According to the statistics, those who drank one to four cups of mildly sweetened coffee per day were 29–31 percent less likely to die during the trial.
The outcomes were less evident for people who took artificial sweeteners, which have had equally contradictory findings in prior studies. According to the Mayo Clinic, some experts and research suggest that these items are a safe and healthy alternative to sugar. In contrast, others raise concerns about possible links with cancer or metabolic health disorders.
According to an editorial accompanying the Southern Medical University research by Harvard professor Dr. Christina Wee, the data does not always support the healthiness of highly sweetened coffee beverages. On average, participants added about one teaspoon of sugar per cup, a lot less sugar than is usually added to ready-made or blended coffee drinks.

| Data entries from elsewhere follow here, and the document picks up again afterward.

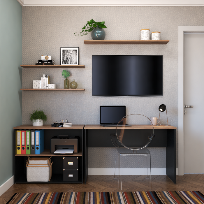 | Informações Complementares (Novo) | Acompanha 1 estante baixa lateral (Largura: 90cm, Profundidade: 47cm e Altura: 75cm) e 3 prateleiras para fixar na parede. |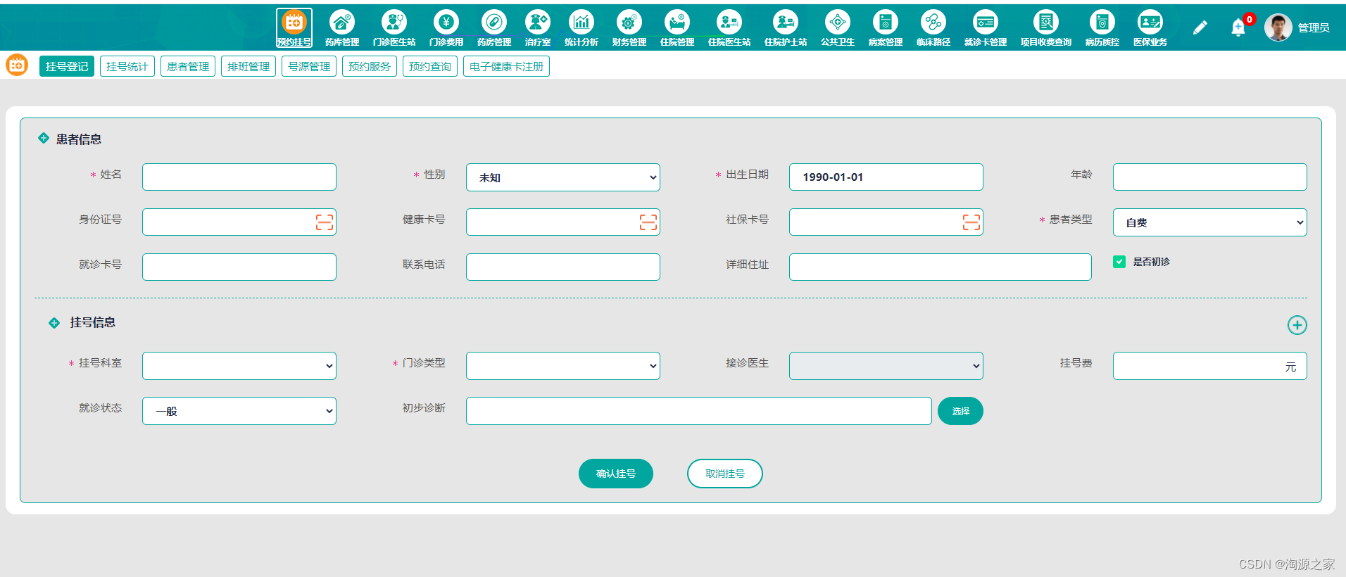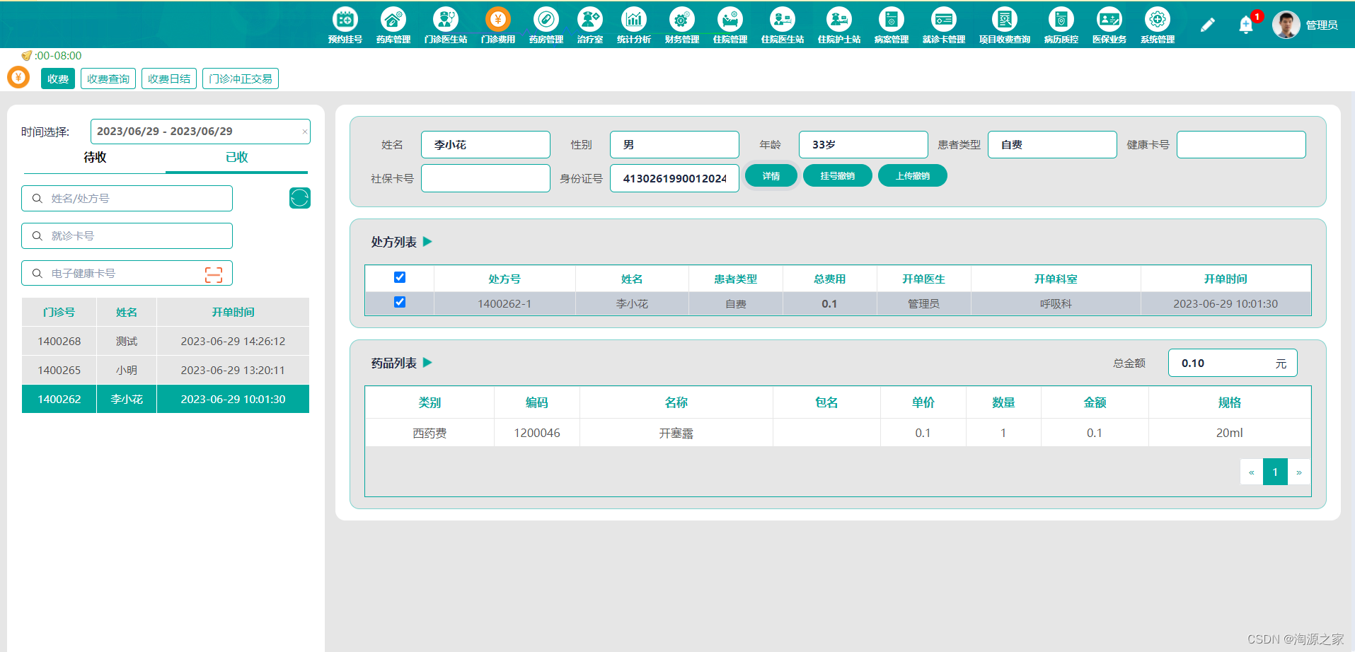 3.门诊管理:门诊挂号、门诊退号、门诊收费、门诊退费、发票补打、门诊日报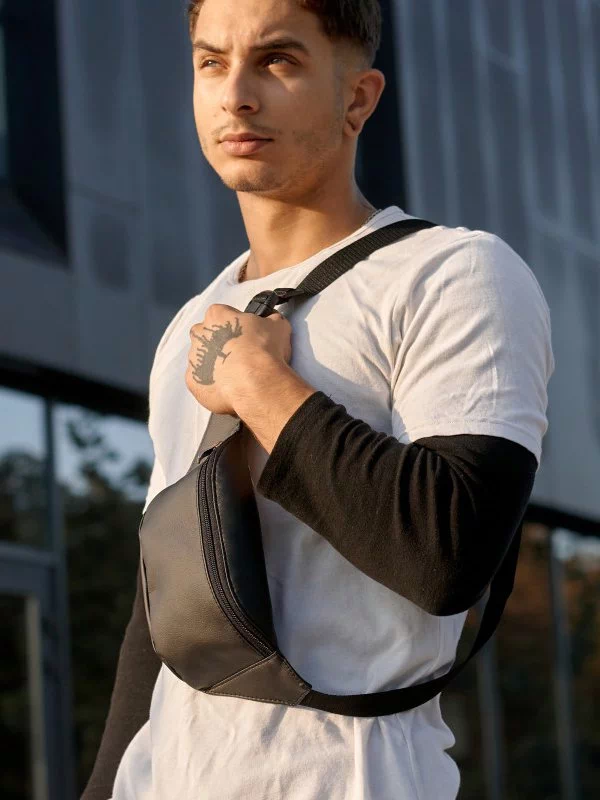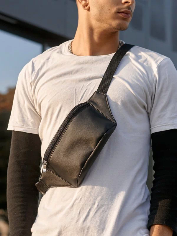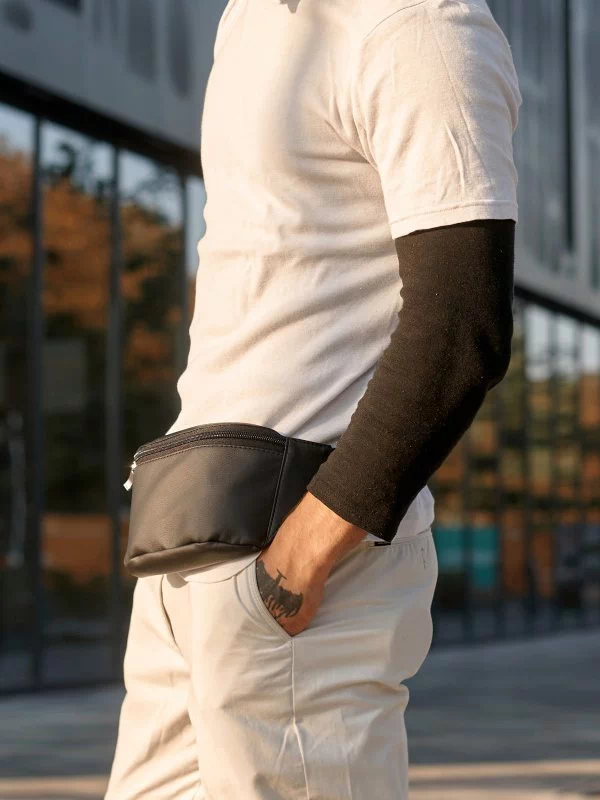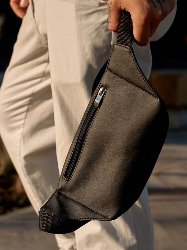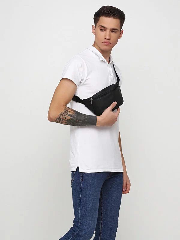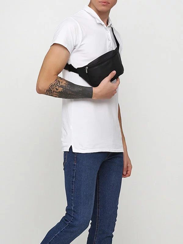 Вражаюча чоловіча сумка-бананка чорного кольору на будь-які випадки життя.

The findings are consistent with prior data indicating coffee is typically favorable for longevity, regardless of how it is consumed.
There is evidence that coffee is good for your mental and physical health, and if you drink it in moderation, it won’t hurt you much.
Coffee and its main ingredient, caffeine, have been looked at in great detail, and there is a lot of evidence that moderate use is not only safe but also good for your health.
Previous research suggests that people who drink coffee live longer because they are less likely to get heart disease, cancer, and diabetes.
Caffeine can also improve mental attention and brain function, especially as we age, and appears to be associated with a reduced risk of Parkinson’s disease. Additionally, the beverage is linked to a reduced incidence of sadness and suicide.
However, you may consume too much caffeine. The Mayo Clinic says that doses of caffeine higher than 400 mg (about four to five cups of coffee) could cause mild side effects like anxiety, jitters, a faster heart rate, and sweating.
Caffeine overdoses have been caused by a single dose of caffeine powder equal to more than 50 cups of coffee. And in severe situations, concentrated caffeine can create significant problems, beginning at around 1,200 milligrams. However, you would need to consume more than 12 cups of coffee for this to occur.
For the average coffee drinker, who drinks up to five cups of coffee a day, this habit probably won’t cause any major problems.
Beyond caffeine, coffee includes a vast array of additional components that may be beneficial to your health, including polyphenols, which, according to a scientific study, can reduce inflammation, enhance gut bacteria, increase metabolism, and regulate blood sugar.